## [Activity]
When writing out the entries below, keep only the lines from the line with "儿童小西装 藏青色亮片男童小主持人英伦风男孩钢琴演出服 套装" to the line with "Tras más de", both included, exactly as they are, and leave the pictures aside.

Items listed in a dataset:

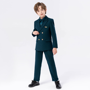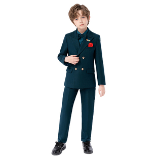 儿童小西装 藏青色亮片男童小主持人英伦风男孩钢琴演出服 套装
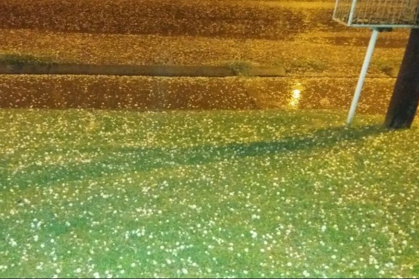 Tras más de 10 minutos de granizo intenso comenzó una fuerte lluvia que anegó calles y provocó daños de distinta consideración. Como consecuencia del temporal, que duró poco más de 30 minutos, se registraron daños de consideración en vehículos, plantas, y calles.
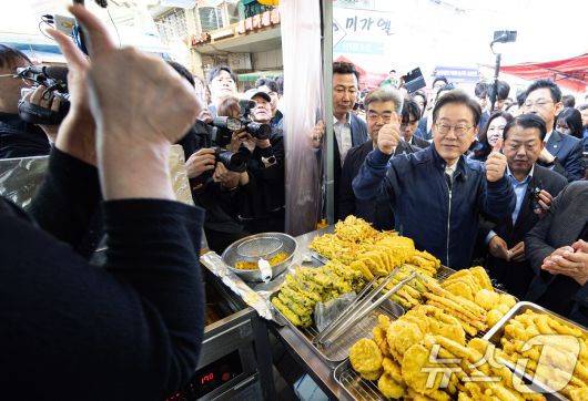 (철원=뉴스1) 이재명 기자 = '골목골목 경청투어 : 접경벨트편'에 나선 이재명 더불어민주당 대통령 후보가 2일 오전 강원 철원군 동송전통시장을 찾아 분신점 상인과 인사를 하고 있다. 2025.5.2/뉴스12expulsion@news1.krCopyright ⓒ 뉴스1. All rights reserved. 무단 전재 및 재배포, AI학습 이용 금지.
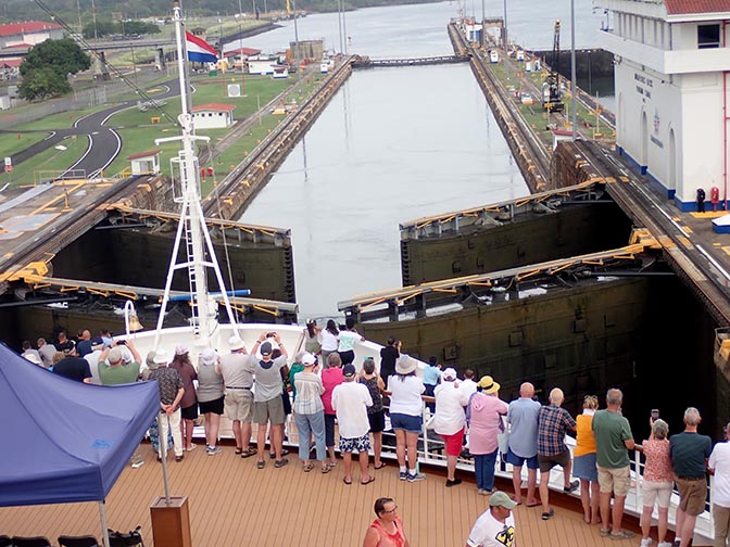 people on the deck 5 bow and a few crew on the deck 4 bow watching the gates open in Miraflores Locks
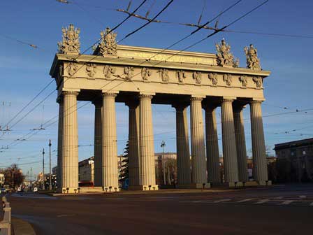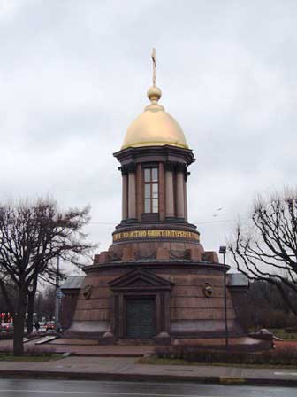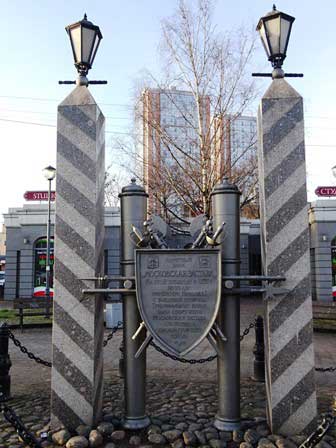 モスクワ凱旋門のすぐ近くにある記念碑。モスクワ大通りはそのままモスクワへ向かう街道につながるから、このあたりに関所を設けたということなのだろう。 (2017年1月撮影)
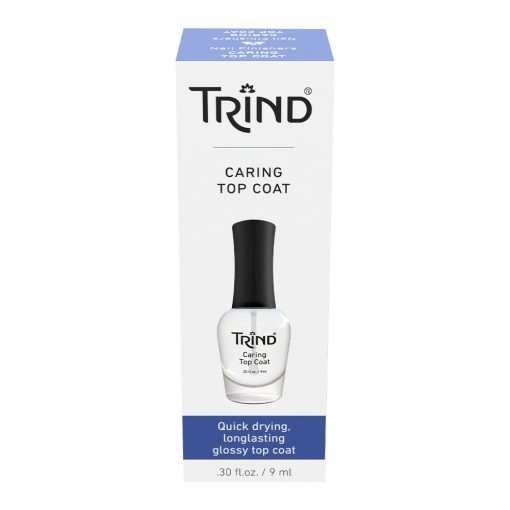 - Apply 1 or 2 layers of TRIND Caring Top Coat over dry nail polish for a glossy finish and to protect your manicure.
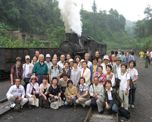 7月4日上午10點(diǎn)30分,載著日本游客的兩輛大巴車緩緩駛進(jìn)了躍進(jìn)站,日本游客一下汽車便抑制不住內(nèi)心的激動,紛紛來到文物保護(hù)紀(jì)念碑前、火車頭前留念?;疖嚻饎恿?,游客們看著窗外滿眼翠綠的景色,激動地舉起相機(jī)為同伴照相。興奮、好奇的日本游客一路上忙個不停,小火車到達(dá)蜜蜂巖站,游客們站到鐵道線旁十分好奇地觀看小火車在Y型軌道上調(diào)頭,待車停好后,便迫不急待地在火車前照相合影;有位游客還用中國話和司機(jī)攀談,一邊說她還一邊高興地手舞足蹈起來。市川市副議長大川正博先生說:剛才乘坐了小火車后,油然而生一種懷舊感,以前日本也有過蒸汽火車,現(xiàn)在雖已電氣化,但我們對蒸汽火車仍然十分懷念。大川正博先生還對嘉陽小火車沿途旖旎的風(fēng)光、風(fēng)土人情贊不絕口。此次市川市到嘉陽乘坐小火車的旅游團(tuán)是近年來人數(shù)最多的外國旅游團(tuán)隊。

--

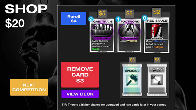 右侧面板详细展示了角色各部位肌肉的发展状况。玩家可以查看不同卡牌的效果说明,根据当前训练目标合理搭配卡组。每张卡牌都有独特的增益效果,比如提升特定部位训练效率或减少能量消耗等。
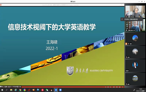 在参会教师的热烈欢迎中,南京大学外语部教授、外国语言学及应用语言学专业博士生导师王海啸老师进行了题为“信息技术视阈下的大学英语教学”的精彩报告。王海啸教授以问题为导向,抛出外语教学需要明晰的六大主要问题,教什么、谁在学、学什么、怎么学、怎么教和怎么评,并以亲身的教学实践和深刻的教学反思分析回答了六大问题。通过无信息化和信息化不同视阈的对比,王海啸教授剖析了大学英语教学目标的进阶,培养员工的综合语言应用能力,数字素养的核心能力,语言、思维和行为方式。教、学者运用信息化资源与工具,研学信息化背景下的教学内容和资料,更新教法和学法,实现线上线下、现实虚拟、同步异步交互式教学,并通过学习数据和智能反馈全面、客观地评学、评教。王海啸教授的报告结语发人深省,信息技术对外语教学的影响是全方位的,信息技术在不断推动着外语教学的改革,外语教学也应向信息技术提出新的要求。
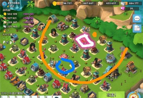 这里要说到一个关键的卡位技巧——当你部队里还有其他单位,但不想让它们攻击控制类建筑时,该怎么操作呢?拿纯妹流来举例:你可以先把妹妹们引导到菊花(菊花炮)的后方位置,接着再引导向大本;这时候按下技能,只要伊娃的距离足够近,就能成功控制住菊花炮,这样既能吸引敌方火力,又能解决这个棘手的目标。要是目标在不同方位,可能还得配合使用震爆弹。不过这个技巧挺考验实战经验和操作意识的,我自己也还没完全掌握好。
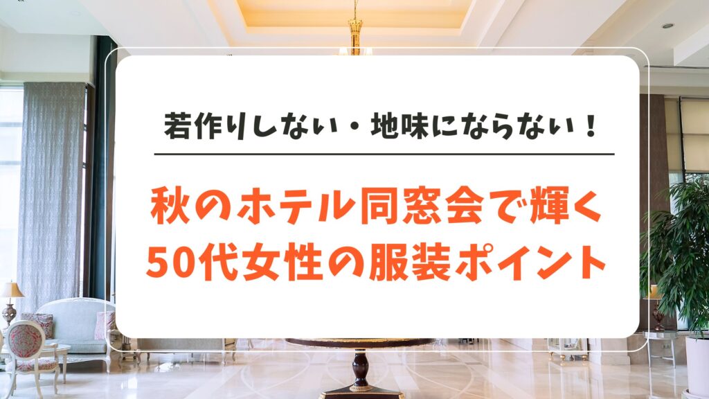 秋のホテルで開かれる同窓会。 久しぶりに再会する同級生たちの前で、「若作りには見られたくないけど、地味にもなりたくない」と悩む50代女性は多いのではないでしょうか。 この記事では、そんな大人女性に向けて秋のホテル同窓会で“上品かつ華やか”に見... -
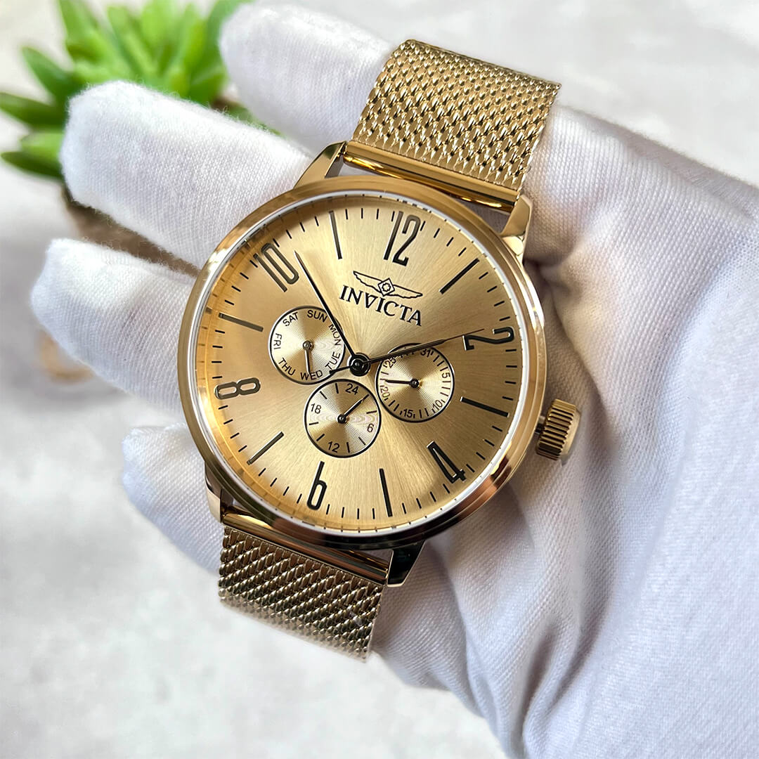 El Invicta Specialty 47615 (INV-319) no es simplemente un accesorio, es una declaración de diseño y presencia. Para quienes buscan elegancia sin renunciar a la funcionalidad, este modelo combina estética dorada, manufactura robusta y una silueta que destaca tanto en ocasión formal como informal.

## [Task solution]
 儿童小西装 藏青色亮片男童小主持人英伦风男孩钢琴演出服 套装
 Tras más de 10 minutos de granizo intenso comenzó una fuerte lluvia que anegó calles y provocó daños de distinta consideración. Como consecuencia del temporal, que duró poco más de 30 minutos, se registraron daños de consideración en vehículos, plantas, y calles.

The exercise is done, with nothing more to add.